When she thinks about the Garden’s accomplishments, she’s most proud of its reach beyond the 170 acres: its role as a source of peace, especially after the pandemic and Hurricane Ian; that many materials are available in three languages (English, Spanish and Creole); that 90 acres of the Garden are preserved land. She’s proud of the seed bank that safeguards local plants, and the partnership with Florida Gulf Coast University through the Harvey Kapnick Research and Education Center—another of Harvey’s visions. “He understood there was going to be a connection between the Garden and the science of conservation; he saw the Garden as a natural laboratory,” she says.

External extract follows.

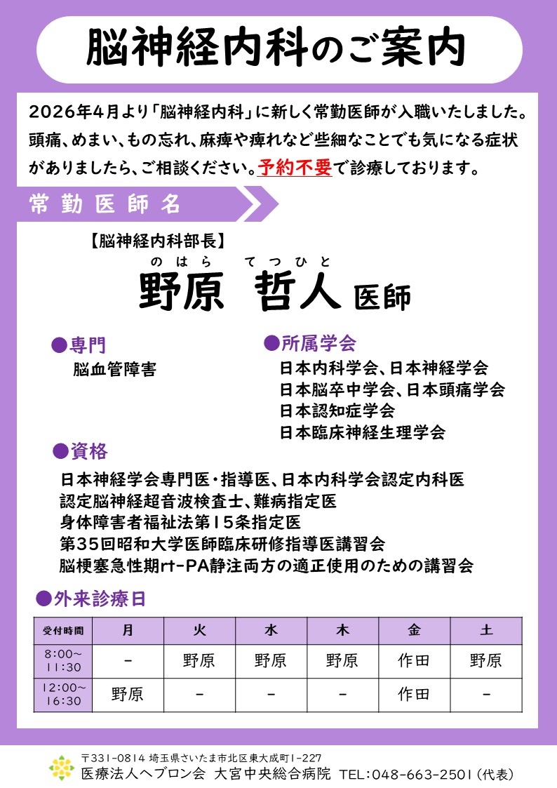 2026年4月より脳神経内科に常勤医医師が入職いたしました。

She also sees more support for Everglades restoration. She thinks about the mass draining of the wetlands that started before we knew better; the damming of the natural flow of freshwater from Lake Okeechobee toward Florida Bay; and the increase in red tide and loss of wildlife and fresh drinking water if we don’t continue and escalate restoration efforts. “We need the Everglades—and it’s not about being anti-development; it’s about preserving our water supply,” she says.
For Kathleen Kapnick, environmental conservation is about respecting life’s natural rhythms: “There’s a balance of life on Earth, and we’ve got to maintain it, and I want to help do that.”